Thanks @pnowojski and @1996fanrui for the review. The approach to avoid getProcessingTimeService().getCurrentProcessingTime() each record seems sound to me and should be straightforward to implement.

For watermarkInterval == 0 && idleTimeout > 0

Do we know if watermarkInterval == 0 is a valid case where we are sure we need to periodically emit WatermarkStatus? My interpretation when first reading this code was that a zero value is a sentinel indicating the user isn't using watermarks. If that's the case, does the concept of "idleness" make sense anymore? Perhaps we don't emit anything for watermarkInterval == 0.

A mailing list thread discusses some confusion in the docs on the meaning of an auto-watermark interval set to zero -- whether it means emitting a watermark each record, or not emitting them at all.

A reply by @wuchong writes that the zero value:

just disable periodic watermark emission, it doesn't mean the watermark will never be emitted.

So, there may be watermarks from elsewhere when watermarkInterval == 0. But does that mean we need to support idleness detection here?

The current code would work in the case of a zero watermark interval, but only because of the last part of processElement where advanceWatermark() is called. That code is commented with:

// eagerly emit watermark to avoid period timer not called (this often happens when cpu load is high)
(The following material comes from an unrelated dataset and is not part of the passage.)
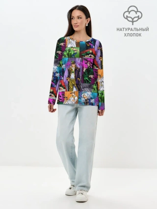 Лонгслив женский. Хлопок / Паттерн джоджо кира спидвагон

It seems like the intent was to ensure advancement under high load, rather than support the watermarkInterval == 0 case. Without this eager advancement, the code would never emit Watermark, since no timers would be scheduled & we'd never try to detect idleness.

[pnowojski]

Do we know if watermarkInterval == 0 is a valid case where we are sure we need to periodically emit WatermarkStatus? My interpretation when first reading this code was that a zero value is a sentinel indicating the user isn't using watermarks. If that's the case, does the concept of "idleness" make sense anymore? Perhaps we don't emit anything for watermarkInterval == 0.

Yes, that's a valid combination with idleness in at least a couple of cases:

• watermark is emitted in onEvent, for example for every record OR if there is already some special record in the source that represents a watermark
• given Source/SourceReader handles emission of watermarks on it's own, but doesn't handle idleness
  In both cases watermarkInterval = 0 and idleTimeout > 0 could be a desired configuration.

It seems like the intent was to ensure advancement under high load, rather than support the watermarkInterval == 0 case. Without this eager advancement, the code would never emit Watermark, since no timers would be scheduled & we'd never try to detect idleness.

That's a good catch @dchristle!

This safety net for an overloaded subtask thread I think might no longer be needed. In the past the timer thread trying to emit periodic watermark and the subtask/source thread would try to compete to acquire the same lock. AFAIK the original authors were worried about lock starvation (I'm not even sure if this was really needed, as AFAIK kernels do not guarantee fairness, but guarantee that threads won't be starved on locks acquisition). Currently the synchronisation mechanism is very different, and I would say there is no real need for this extra code path.

So if it makes things simpler I would be fine removing this safety net.